Key takeaways:
Existing PERC lines can be adapted to manufacture p-type IBC cells using modified process steps
Metallization optimization shows trade-offs between contact resistance and recombination losses
Reducing polysilicon thickness lowers carrier absorption but also impacts Voc, requiring further optimization
Almost all the PERC players of the early 2020s have now become major TOPCon manufacturers. With several new players entering the market, TOPCon has now become the mainstream cell technology. Most of these TOPCon capacities were newly built rather than being upgrades of existing PERC lines.

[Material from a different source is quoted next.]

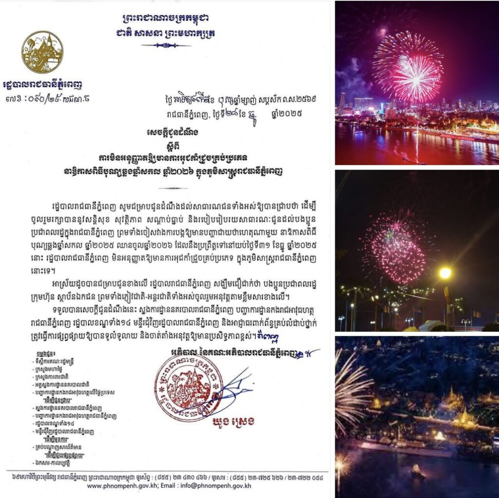 មិនអនុញ្ញាតឱ្យមានការអុជកាំជ្រួចគ្រប់ប្រភេទ នាឱកាសពិធីបុណ្យឆ្លងឆ្នាំសកល ឆ្នាំ២០២៦ ក្នុងភូមិសាស្រ្តរាជធានីភ្នំពេញ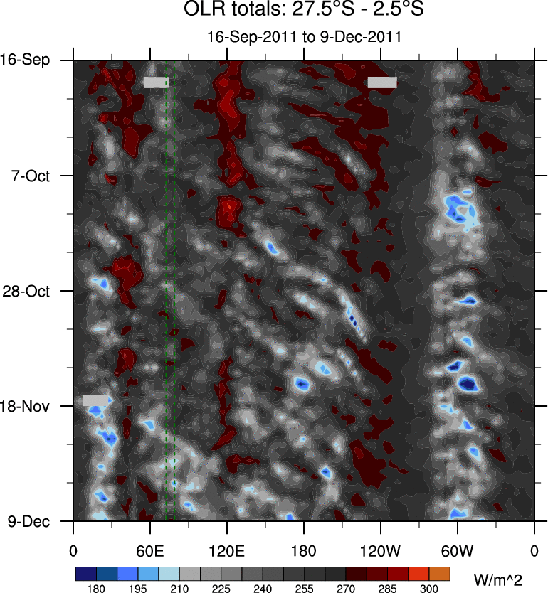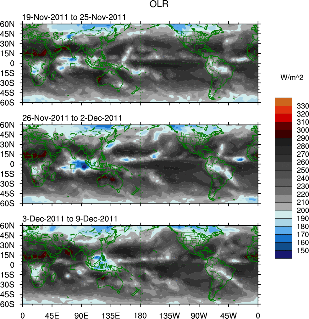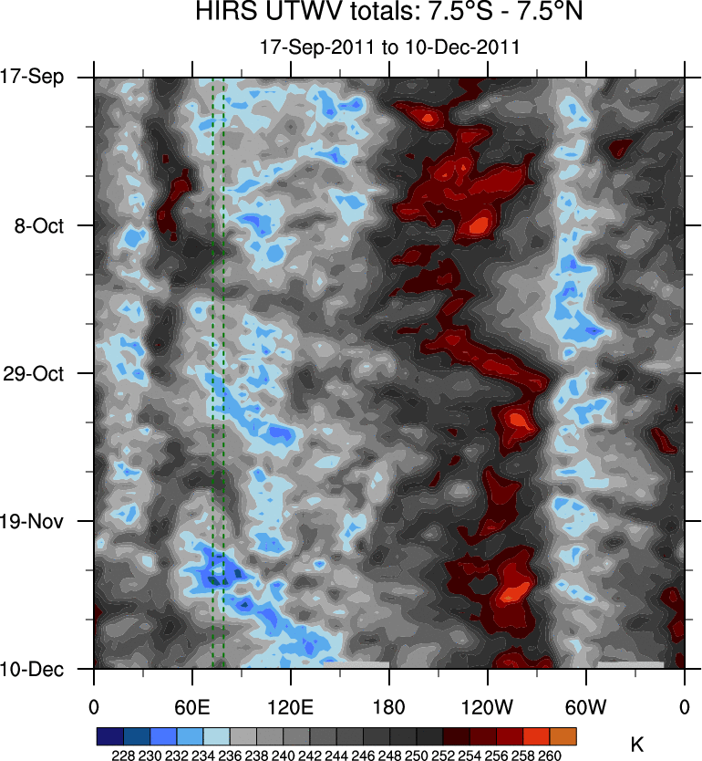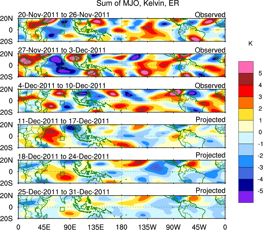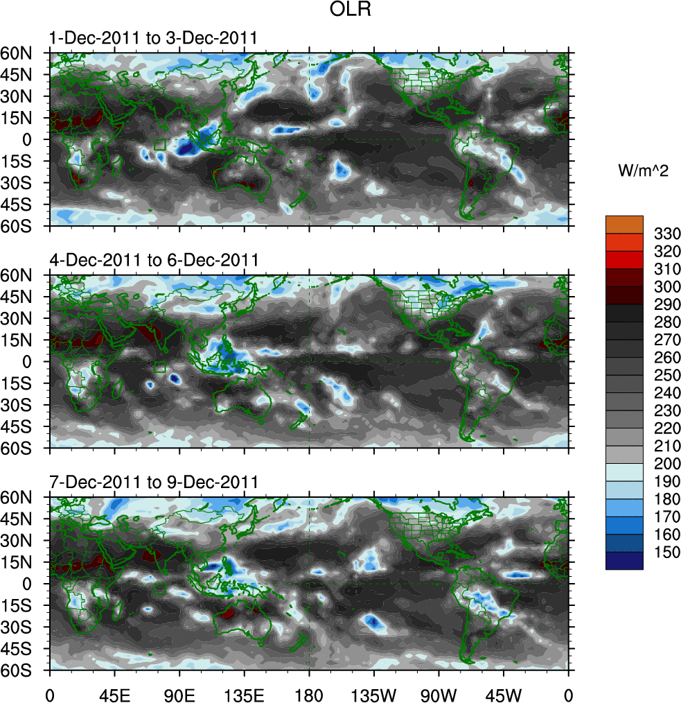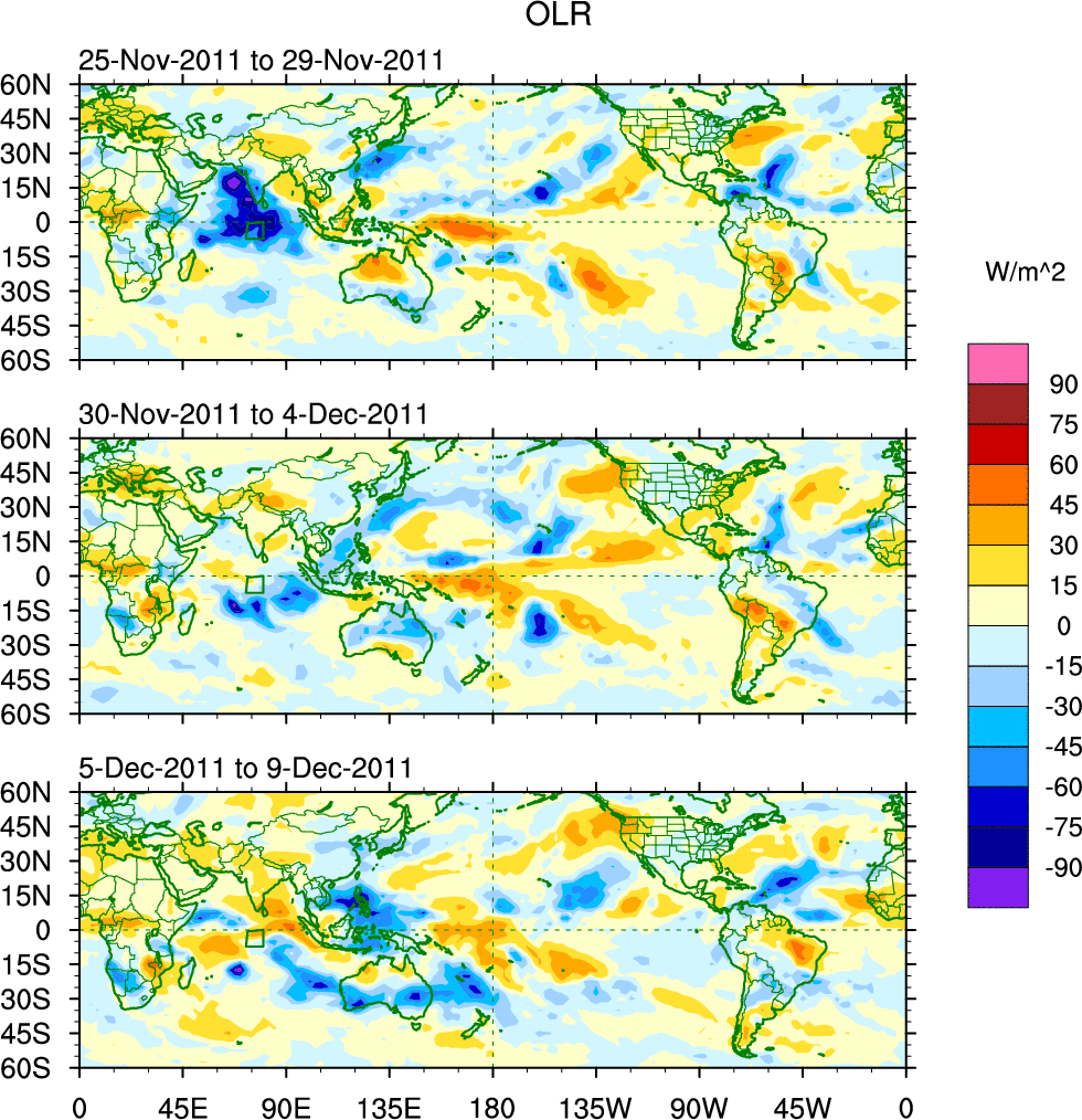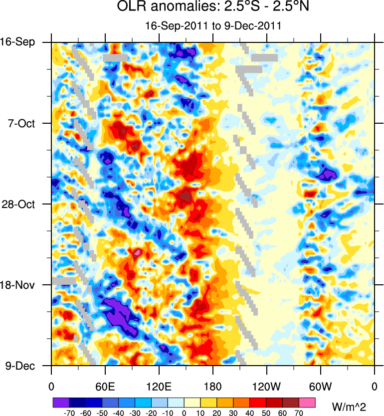 To identify tropical waves in near real-time, the OLR and UTWV data are filtered following Wheeler & Weickmann (2001 MWR). The daily anomalies are calculated using the first 3 harmonics of the seasonal cycle for 1979–2009. Missing values are then filled using linear interpolation in space and time. The most recent 365 days of anomalies are padded with 659 days of zeroes, and the result is filtered for each wave type.

With back contact (BC) seen as the successor to TOPCon, researchers at ISC Konstanz and Fraunhofer ISE are working to convert these PERC lines into p-type-based IBC (pIBC) lines. The advantages of pIBC include its reduced reliance on silver and a low thermal budget during diffusion as compared to TOPCon.
The idea is to bring together the mature metallization process of the PERC’s p-type base and the existing TOPCon metallization process of the n-type poly-Si side. As part of this study, M2-sized Ga-doped CZ wafers were processed to make IBC cells. The front side is textured to form random pyramids, while the rear side is polished for making n- and p-type interdigitated contacts. First, a thin SiOx layer is thermally grown, followed by phosphorus-doped a-Si deposition using PECVD. After annealing in an O₂ atmosphere, n-polySi crystallizes. Using laser ablation, interdigitated patterns are created to form the base layer (p-type) for Al-paste metallization, and the n-polySi region for Ag-paste metallization. The study involves commercialization of this process by optimizing metallization and n-polySi thickness.
The bottlenecks for using aluminum paste are metal contact recombination and contact resistance in the base region. Experiments with varying amounts of silicon in Al-paste were conducted. The contact resistance (mΩ·cm²) was calculated using the transfer length method (TLM), while the implied Voc (iVoc) loss for varied Si content in Al-pastes was obtained using photoluminescence (PL) image processing. The team observed a trend of increasing contact resistance with increasing silicon content in Al-pastes and lower firing temperatures. It also observed that the iVoc loss after metallization increased with increasing silicon content.
The polysilicon layer contributes to free carrier absorption. Therefore, in this study, the thickness of the n-polySi region was varied to further optimize the process, analyzing the effects of these changes. Researchers observed a gain in short-circuit current (Jsc) with decreasing thickness of n-polySi, which directly reflects the reduction in carrier absorption. However, there was a reduction in Voc. The study, titled Development of a p-type Silicon Interdigitated Back Contact Solar Cell With Passivated Contacts, concludes that further research is required to understand this behavior.
pIBC cells prepared using the above optimization techniques were presented with a champion cell recording an efficiency of 23.3% with a Voc of 720 mV and a fill factor (FF) of 79.8%.